Medicaid coverage accuracy in electronic health records

Miguel Marino, Heather Angier, Steele Valenzuela, Megan Hoopes, Marie Killerby, Brenna Blackburn, Nathalie Huguet, John Heintzman, Brigit Hatch, Jean P O'Malley, Jennifer E DeVoe, Miguel Marino, Heather Angier, Steele Valenzuela, Megan Hoopes, Marie Killerby, Brenna Blackburn, Nathalie Huguet, John Heintzman, Brigit Hatch, Jean P O'Malley, Jennifer E DeVoe

Abstract

Health insurance coverage facilitates access to preventive screenings and other essential health care services, and is linked to improved health outcomes; therefore, it is critical to understand how well coverage information is documented in the electronic health record (EHR) and which characteristics are associated with accurate documentation.

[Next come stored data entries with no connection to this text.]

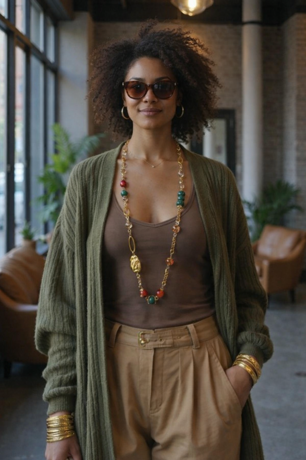 Colar Longo Verde Red, um acessório em bijuteria em dourado, com pedras naturais, cristais,
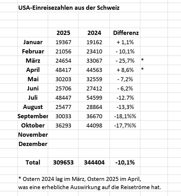 Insgesamt reisten in den ersten zehn Monaten des laufenden Jahres 10,1% weniger Schweizerinnen und Schweizerin die USA. Doch mit dem erheblichen Rückgang seit Juli dürften die Gesamtzahlen in den nächsten Monaten weiter zurückgehen. Die Gründe dürften zahlreich sein: ob US-Kurs des aktuellen Präsidenten, Zoll-Hickhack mit der Schweiz oder befürchtete Probleme bei der Einreise.
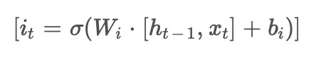 A forget gate makes a decision about what should be kept or deleted from a cell's memory by taking into account the old hidden state and the current input. Mathematically, it is:- The input gate and candidate cell state decide what new information should be added. The input gate is calculated similarly to the forget gate:
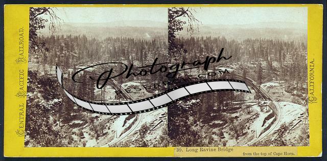 Photo of Stereograph,Long Ravine Bridge,Top of Cape Horn,California,c1865
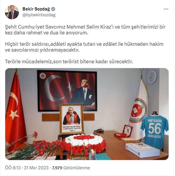 Adalet Bakanı Bekir Bozdağ, 31 Mart 2015 tarihinde şehit edilen Cumhuriyet Savcısı Mehmet Selim Kiraz'ı yıl dönümünde anarak bir mesaj paylaştı.
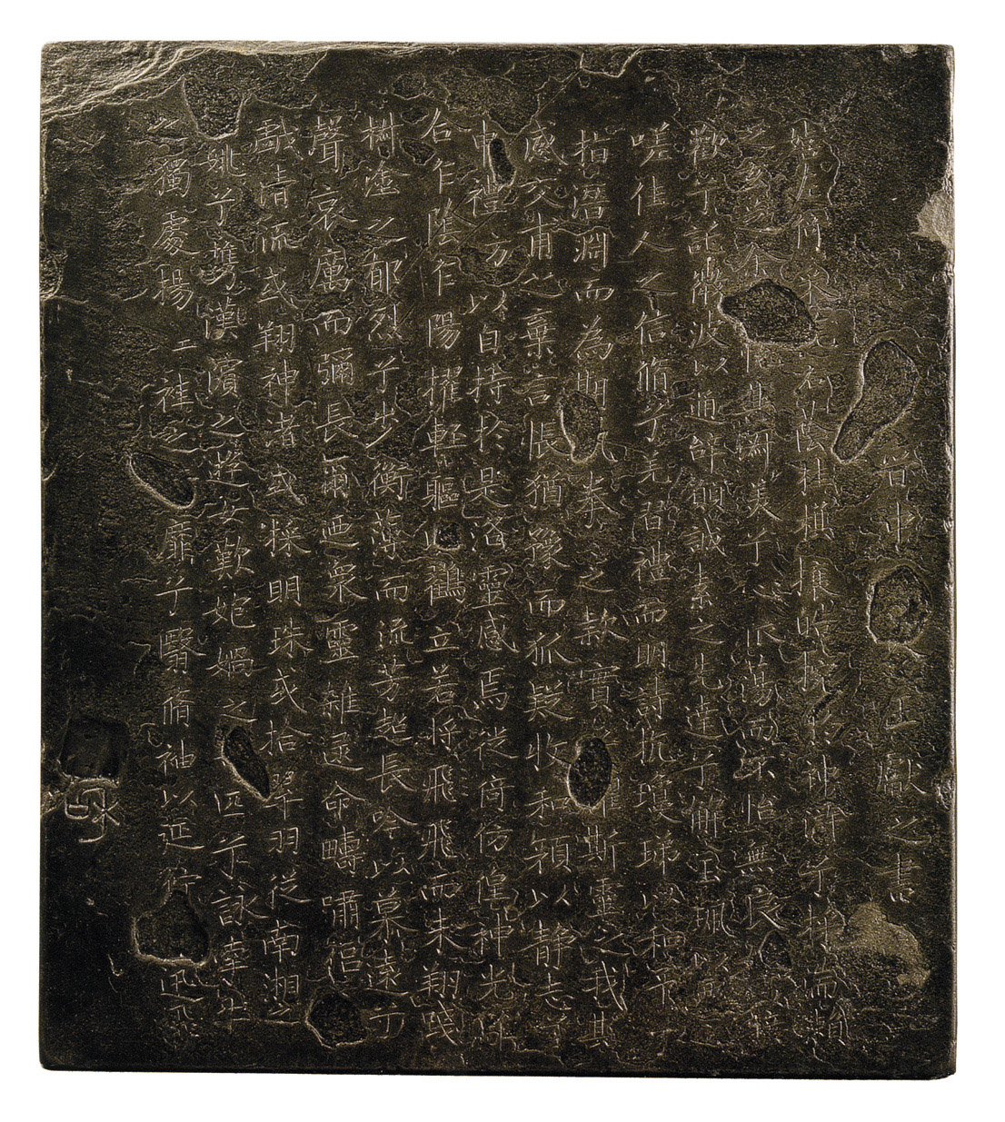 • 献之小楷书曹植的《洛神赋》,自宋代以来,仅残存中间十三行,所以一般人都简称为《十三行》,真迹已不复存在。《洛神赋十三行》墨迹在宋元时流传有两本:一为晋麻笺,在元代初期归书家赵孟俯所得,定为王献之真迹。一为唐硬黄纸,后有柳公权等人题跋,赵孟俯定为唐人摹本,后人疑即柳公权所临。这两本在宋代都曾刻石,明清两代辗转翻刻,但基本上还是出于这两个底本。现传无柳跋本的石刻,都推“碧玉版本”为最精。这是明万历时杭州西湖葛岭地下发现的一方石刻,石色深暗,被人美称为碧玉,“碧玉版本”初拓本,存字大都完好,其它石花处亦自然清晰。因其地为贾似道半闲堂旧址,所以后人认为是贾氏所刻,后归归陆梦鹤、翁嵩年。清康熙间入内府,八国联军攻占北京后,此石流入民间。解放后由国家收购,藏首都博物馆。世传还有与此相同的一本,号称“白玉版本”,笔划比“碧玉版本”略枯瘦,石花剥落处有刀刻的痕迹,可知是一种翻刻本。王献之所书《洛神赋》(十三行)体势秀逸,虚和简静、灵秀流美,与文章内涵极为和谐,这件佳作被后人誉为“小楷之极则”,清杨宾《铁函斋书号》认为“字之秀劲园润,行世小楷无出其右”。从《洛神赋》(十三行)中可看出,王献之的楷书笔法不再带有隶意,字形也由横势变为纵势,已是完全成熟的楷书之作。

Our objective was to evaluate the validity of EHR data for monitoring longitudinal Medicaid coverage and assess variation by patient demographics, visit types, and clinic characteristics. We conducted a retrospective, observational study comparing Medicaid status agreement between Oregon community health center EHR data linked at the patient-level to Medicaid enrollment data (gold standard). We included adult patients with a Medicaid identification number and ≥1 clinic visit between 1/1/2013-12/31/2014 [>1 million visits (n = 135,514 patients)]. We estimated statistical correspondence between EHR and Medicaid data at each visit (visit-level) and for different insurance cohorts over time (patient-level). Data were collected in 2016 and analyzed 2017-2018. We observed excellent agreement between EHR and Medicaid data for health insurance information: kappa (>0.80), sensitivity (>0.80), and specificity (>0.85). Several characteristics were associated with agreement; at the visit-level, agreement was lower for patients who preferred a non-English language and for visits missing income information. At the patient-level, agreement was lower for black patients and higher for older patients seen in primary care community health centers. Community health center EHR data are a valid source of Medicaid coverage information. Agreement varied with several characteristics, something researchers and clinic staff should consider when using health insurance information from EHR data.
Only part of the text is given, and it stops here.